Real shame - but I'm not going into my boyhood fantasies here thank you very much


----------



## Dotti (Mar 9, 2003)

I can't stand friggin Leslie bloody Mick bloody Jagger bloody lips ahhhhhhhhhhhhhhhhhhhhhhhhhhhhhhhhhhhhhhhhhhhhhh I am going to scream ;D.

How on earth could she bloody compare friggin collagen lip implants to loosing a leg     flamin trout pout :. And what a pathetic statement she made .


----------



## uppTTnorth (Jul 5, 2003)

She is one stupid friggin cow , ahhhhh thats better , needed to get that out.


----------



## ChasTT (Oct 17, 2002)

A mate of mine was married to her sister, talk about double trouble. Thick as bloody planks the pair of them.....and that was before Leslie came round. ;D ;D


----------



## SaulTTR (Apr 30, 2003)

Looks like she has a dingy strapped to her face, silly bird.


----------



## Dotti (Mar 9, 2003)

> Looks like she has a dingy strapped to her face, silly bird.

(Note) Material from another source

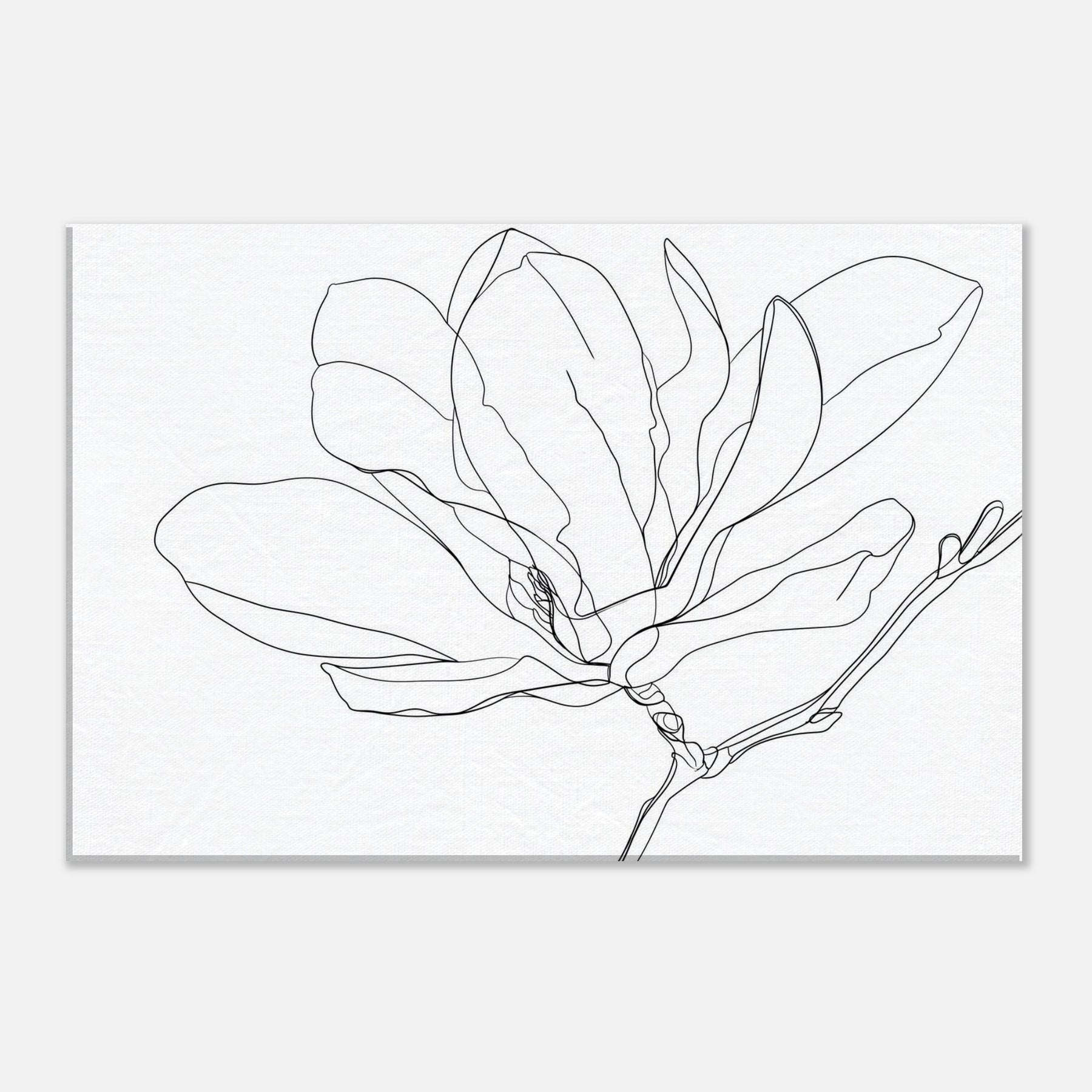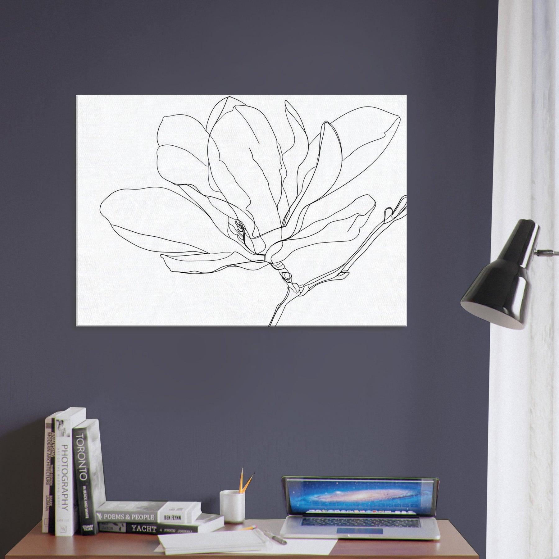 Magnolia takes flight in a single, continuous line that suggests quiet motion and botanical grace. This elegant study captures the plant's sweeping petals with unbroken contours, inviting the viewer to pause, breathe, and notice the slender curves that define nature's architecture. Printed as a refined monochrome, it radiates calm across living rooms, bedrooms, or hallways, pairing effortlessly with minimal furnishings or bold textures alike. A Magnolia centerpiece for spaces seeking simplicity, warmth, and a breath of Southern light.

Well at least she didn't have something in her mouth with a sign on her back strapadicktomegob thankfully LOL ;D...otherwise she would have been in trouble hehehe


----------



## IanWest (May 7, 2002)

Yeah but wasn't she great in Cats Eyes!! ;D


----------



## BreTT (Oct 30, 2002)

> Yeah but wasn't she great in Cats Eyes!! ;D


As eye candy, aye!


----------



## StuarTT (May 7, 2002)

"Ash took the decision to have collagen lip implants because she wanted "to maintain a certain image", she said."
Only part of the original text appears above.